The problem is that after splitting the variables, i m not able to replace them with their values or evaluate the equation. Please help me to do this task in as short expression as possible. thanks in advance.
It is not at all that complicated:
First, replace all variables with with a Tcl variable (prepped a $).
You have to be careful not replace sin(a) with $sin($a) or similar.
regsub -all -inline {[a-z]+(?![a-z\(])} $input
Example:
set input {a*b+c+sin(d)}
regsub -all -inline {[a-z]+(?![a-z\(])} $input
would yield $a+$b*$c+sin($c), which can be passed to expr.
If you need the variable names, just use regexp with this expression.

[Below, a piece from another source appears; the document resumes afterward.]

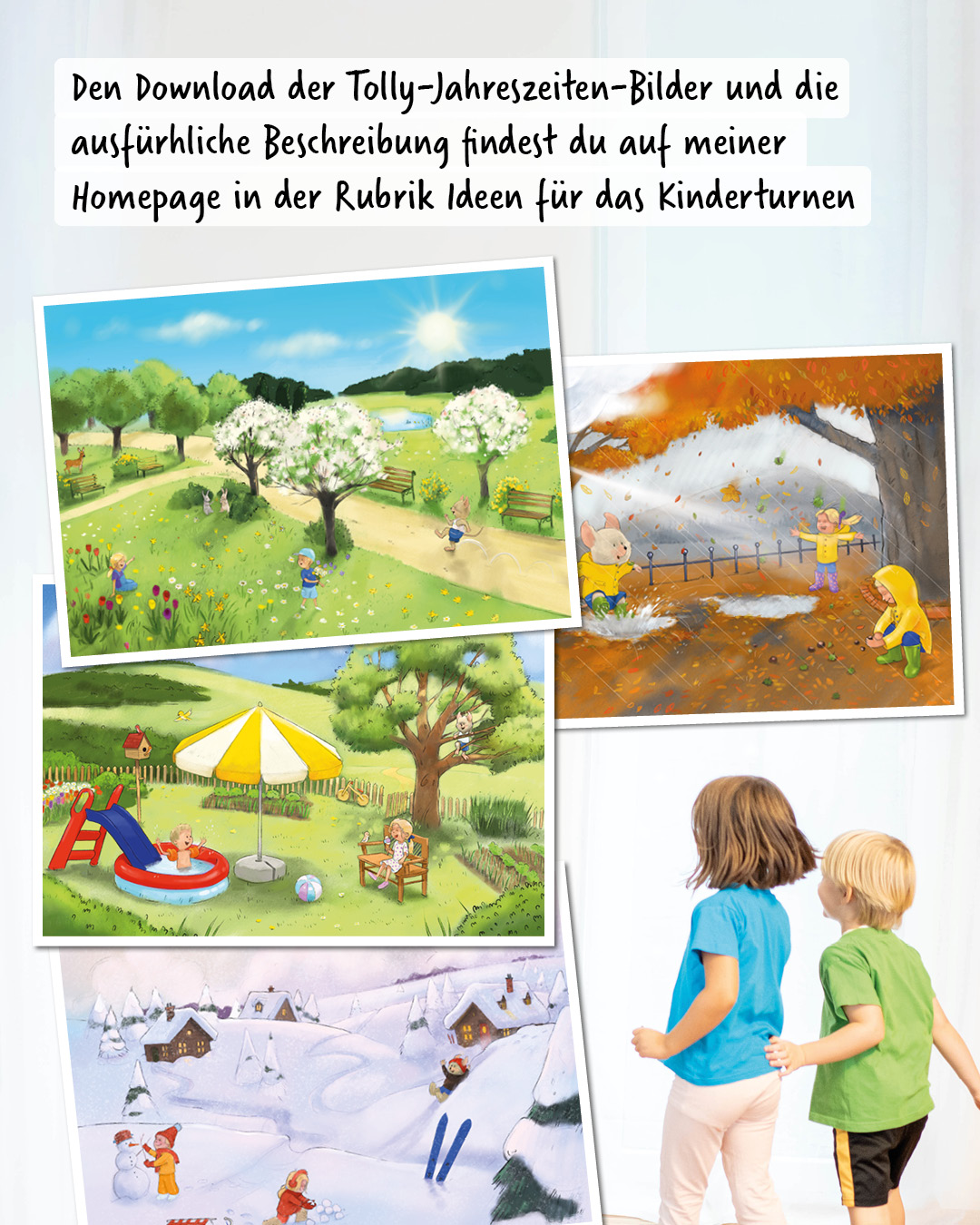 Material: Tolly-Jahreszeiten-Bilder (Vorlage im Download), Klebestreifen und das Lied „Wir turnen durch das Jahr”

If you know the names of the variables and none of them are prefixes of anything else you use, you can easily transform the expression like this:
set a 1; set b 2; set c 3
set e "a*b+c"
set value [expr [string map {a $a b $b c $c} $e]]
puts "$e = $value"
Note: no braces around the expression on the third line. This is when you want to avoid safety like that because you are doing runtime generation of the expression.
That mapping can be generated automatically:
set a 1; set b 2; set c 3
set e "a*b+c"
set vars {a b c}
set value [expr [string map [regsub -all {\w+} "& $&"] $e]]
puts "$e = $value"
However, if you've got prefixes and other things like that, you need a more complex transform:
# Omitting the variable setup and print at the end...
proc replIfRight {vars word} {
if {$word in $vars} {return \$$word} else {return $word}
}
set value [expr [subst [regsub -all {\w+} [string map {[ \[ $ \$ \\ \\\\} $e] {[replIfRight $vars &]}]]]
You're absolutely right to not expect to come up with such a horrible thing yourself!